I know this question is broad, like "it depends on the situation" kinda question. But I've searched the internet and found no sensible guideline on this.

So I asked this question to find out how sysadmins choose a strategy for their subnet(s). Please share yours, and, if you can, place a small statement explaining why you choose that approach.

Unfortunately I think your question is too broad for server fault, as you don't have a problem you're trying to solve. I suggest a good starting point is the [AWS Landing Zone](https://aws.amazon.com/answers/aws-landing-zone/), though don't underestimate the complexity or effort of that solution. Are you using subnets to define tiers? It's a slightly old but effective way of doing things, security groups work fine. A /20 subnet is huge, you could use a /27 for most, but I guess if you don't have on-premise integration to worry about use as much IP space as you need. — Tim, Oct 12 '18 at 07:23
I googled here and there but found no sensible guideline on how to architect subnets. I've asked some friends and this seems like a matter of preference. Personally, I think this is much more than personal preference, so I brought this up. — rocketspacer, Oct 12 '18 at 07:53
@Tim once you start using e.g. Fargate or VPC-enabled Lambdas at scale where each task needs its own IP you may soon find /27 too small. Just something to consider :) — MLu, Oct 12 '18 at 07:57
I think your subnet architecture is fine. They don't add much in AWS, and I don't think they help security at all, but if they help with understanding or organisation they don't hurt either. @MLu yes a /27 might be a touch too small in some cases particularly at scale, it was just an example. A /24 is probably a good default size. I tend to have variable sized subnets based on the need, from /28 to /23 mostly, but smaller than /24 you really need to be careful. My current project we have AWS as an extension of the data center so are using limited IP space, otherwise it wouldn't matter. — Tim, Oct 12 '18 at 08:01
I've worked at an enterprise with over 3000 ec2 instances in one account, wasn't a sysop back then though. That explains why I wrote /20. I'm writting terraform scripts so I can reproduce infrastructures in minutes and benefit my career.
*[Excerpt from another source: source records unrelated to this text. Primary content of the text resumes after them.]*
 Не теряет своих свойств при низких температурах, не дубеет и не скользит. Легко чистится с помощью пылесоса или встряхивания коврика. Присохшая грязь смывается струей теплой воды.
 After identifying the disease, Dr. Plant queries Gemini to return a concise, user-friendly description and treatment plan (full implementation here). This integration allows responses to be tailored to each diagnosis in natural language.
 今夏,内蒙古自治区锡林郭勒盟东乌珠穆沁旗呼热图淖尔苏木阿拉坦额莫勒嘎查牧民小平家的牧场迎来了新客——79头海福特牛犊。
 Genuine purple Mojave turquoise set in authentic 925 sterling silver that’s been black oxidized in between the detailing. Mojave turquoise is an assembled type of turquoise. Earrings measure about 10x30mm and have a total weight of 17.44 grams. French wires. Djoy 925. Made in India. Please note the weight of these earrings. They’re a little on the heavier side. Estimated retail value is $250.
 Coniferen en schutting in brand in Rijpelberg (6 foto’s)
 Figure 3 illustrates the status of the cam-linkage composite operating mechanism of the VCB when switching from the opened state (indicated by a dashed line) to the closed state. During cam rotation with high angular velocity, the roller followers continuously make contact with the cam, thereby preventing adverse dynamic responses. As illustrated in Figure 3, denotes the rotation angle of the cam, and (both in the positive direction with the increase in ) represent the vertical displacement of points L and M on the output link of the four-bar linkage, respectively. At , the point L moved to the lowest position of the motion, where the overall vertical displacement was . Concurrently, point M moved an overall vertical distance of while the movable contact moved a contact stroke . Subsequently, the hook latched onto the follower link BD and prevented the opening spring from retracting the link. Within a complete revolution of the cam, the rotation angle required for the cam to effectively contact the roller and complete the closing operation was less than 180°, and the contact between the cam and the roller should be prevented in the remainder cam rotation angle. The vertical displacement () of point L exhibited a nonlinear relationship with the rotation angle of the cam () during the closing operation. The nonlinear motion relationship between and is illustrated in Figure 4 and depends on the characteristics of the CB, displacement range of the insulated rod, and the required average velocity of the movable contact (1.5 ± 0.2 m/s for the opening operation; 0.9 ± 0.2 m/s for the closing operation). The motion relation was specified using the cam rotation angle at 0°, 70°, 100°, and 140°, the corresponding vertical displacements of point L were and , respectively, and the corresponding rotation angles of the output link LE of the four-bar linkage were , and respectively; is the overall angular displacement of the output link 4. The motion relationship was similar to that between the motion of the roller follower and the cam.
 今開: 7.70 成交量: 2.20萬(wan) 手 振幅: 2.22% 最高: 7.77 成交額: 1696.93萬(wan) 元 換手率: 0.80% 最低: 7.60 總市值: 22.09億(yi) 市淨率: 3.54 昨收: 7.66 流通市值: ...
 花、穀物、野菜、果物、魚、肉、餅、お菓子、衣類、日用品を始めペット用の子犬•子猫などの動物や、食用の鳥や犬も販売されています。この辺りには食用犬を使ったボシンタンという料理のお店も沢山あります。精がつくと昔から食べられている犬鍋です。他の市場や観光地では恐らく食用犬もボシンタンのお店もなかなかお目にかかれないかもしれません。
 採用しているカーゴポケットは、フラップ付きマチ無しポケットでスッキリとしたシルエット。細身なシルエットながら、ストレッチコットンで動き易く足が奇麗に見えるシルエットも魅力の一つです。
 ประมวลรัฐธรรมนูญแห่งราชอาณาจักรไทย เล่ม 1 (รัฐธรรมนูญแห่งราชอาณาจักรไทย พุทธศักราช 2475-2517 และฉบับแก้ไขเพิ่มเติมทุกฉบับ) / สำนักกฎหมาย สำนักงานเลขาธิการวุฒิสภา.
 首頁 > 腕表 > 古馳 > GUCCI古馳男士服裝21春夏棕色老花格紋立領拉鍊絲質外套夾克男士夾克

The subnet size can be parameterized based on the size of the organization however I see fit, so yeah there are use-cases for /20. — rocketspacer, Oct 12 '18 at 08:29
The benefit of this is that I can use NACL to restrict all traffic from the elb-* subnets to the db subnet, packets must flow through layers — rocketspacer, Oct 12 '18 at 08:29
And this guide suggests using large subnets https://aws.amazon.com/blogs/startups/practical-vpc-design/ — rocketspacer, Oct 12 '18 at 10:56
I didn't say you were wrong about subnets :) I agree that if you want to use NACLs in addition to security groups, which not everyone does, then yes subnets have a benefit. We use NACLs in enterprise deployments as well as SGs. Having 3000 instances in one account is a risk though, your blast radius is huge if something goes wrong, and you risk hitting AWS API limits which are per-account - especially if you use encrypted volumes. With 3000 instances they would probably be best in multiple accounts to reduce risk. — Tim, Oct 12 '18 at 18:04
Hi Rocketspacer, if the response below answered your question please upvote and accept it. That's the ServerFault's way to say thank you for the time and effort someone took to help you. Thanks! — MLu, Nov 03 '18 at 03:53

score 5 · Answer 1 · edited Jun 11 '20 at 10:02

I'm afraid ServerFault isn't a place for conducting surveys or soliciting opinion-based answers.

Anyway your setup seems to be way over-complicated.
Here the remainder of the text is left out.